In the long run, it is just as important to know why we do things as it is to do the right thing. Lead and follow with a clear mind and heart and show the same to your family, both born and chosen.

Riding the blade

Practice is very formal when danger is close and thus much is gone in the haze of getting good at a drill instead of learning about yourself and learning to accept what is.

Have a partner hold a covered knife and have him move in a continuous oval cutting motion that includes the space you are taking.

Start by keeping your hands to yourself and moving your body out of the way and toward his back. Keep both legs under you at all times.

Continue by letting your arms move from the movement of your body and staying close to the partner knife hand or hands.

Now add a traveling hand with the always moving knife hand. Be as light as a butterfly after a fast and never try to control the situation.

Your breath moves you, Your eyes control your boundries, Your movement shows all including you what you are afraid to accept. Let go of controlling the situation and ride the wave.

Quality

Testing brings us to defining ourselves by our measurements. How fast you are. How strong you are and how well you perform in the tests you chose to do.
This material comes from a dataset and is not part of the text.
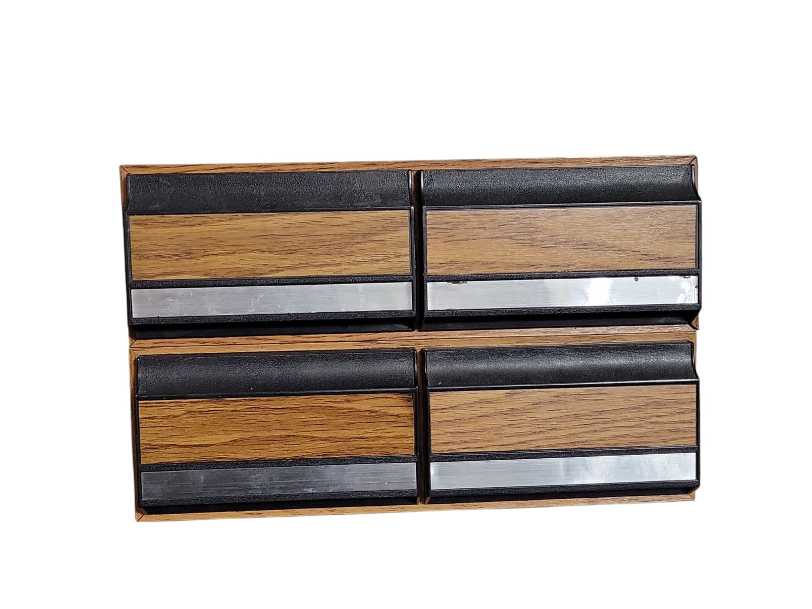 как выглядит VTG 2 drawer VHS Tape Storage Case Holds 24 Each Tapes Wood Grain Lot Of 2 фото

The problem lies in defining ourselves by our measurements. Are you your pull up test score or your ability in a ruled test with practice blades with no real danger to them ?

I suggest you let of of  some of the measurements and open yourself to the idea of quality. Your personality and self awareness is what will drive through life. You can be the best at everything but as long as you are not the commander of the ship, you will not be using or steering the ship well.

Tests come in order to place a mark on you in order to place you on a grade in society hierarchy.  That grade allows you to act a certain way and instead of knowing yourself you define yourself by an external measurement.

Here is a drill for you:

Do push ups every day. Learn how you feel differently about it each and every day. Feel how doing the same each day brings you new and different lessons each time. All you have to do is move and pay attention.

And smile. 🙂

With a partner hit each other one at a time using either limbs or the body taking 10 breaths to complete each movement. Use your body and limbs to escort the attack to you without moving away at first and simply feeling the movement and the tension in your partner. This looks weird but it lets you move with your partner without trying to move him and thus to actually feel without fear and tension. Do a few of those from different sides and different limbs. Now pay attention to where your body wants to go as you feel the tension from the attack and let the body move as you still let the limbs simply touch and feel the attack ( you may feel you are already moving him or her without intention because he will feel the lack of resistance and his movement will be grander than his intention) Do this for a while and work on matching his or her speed or less so you avoid flinching by awareness. Start to move as you feel the tension and now while in contact feel where there is an opening and add to the movement still keeping with the 10 breaths per movement and keep the breaths even and relaxed. This is a hard drill especially in the beginning where if feels ridiculous to guide the hits in but consider that when you clean the tension and fear and allow your partner or partners to enter, you will be free to do as you wish as you are within the movement.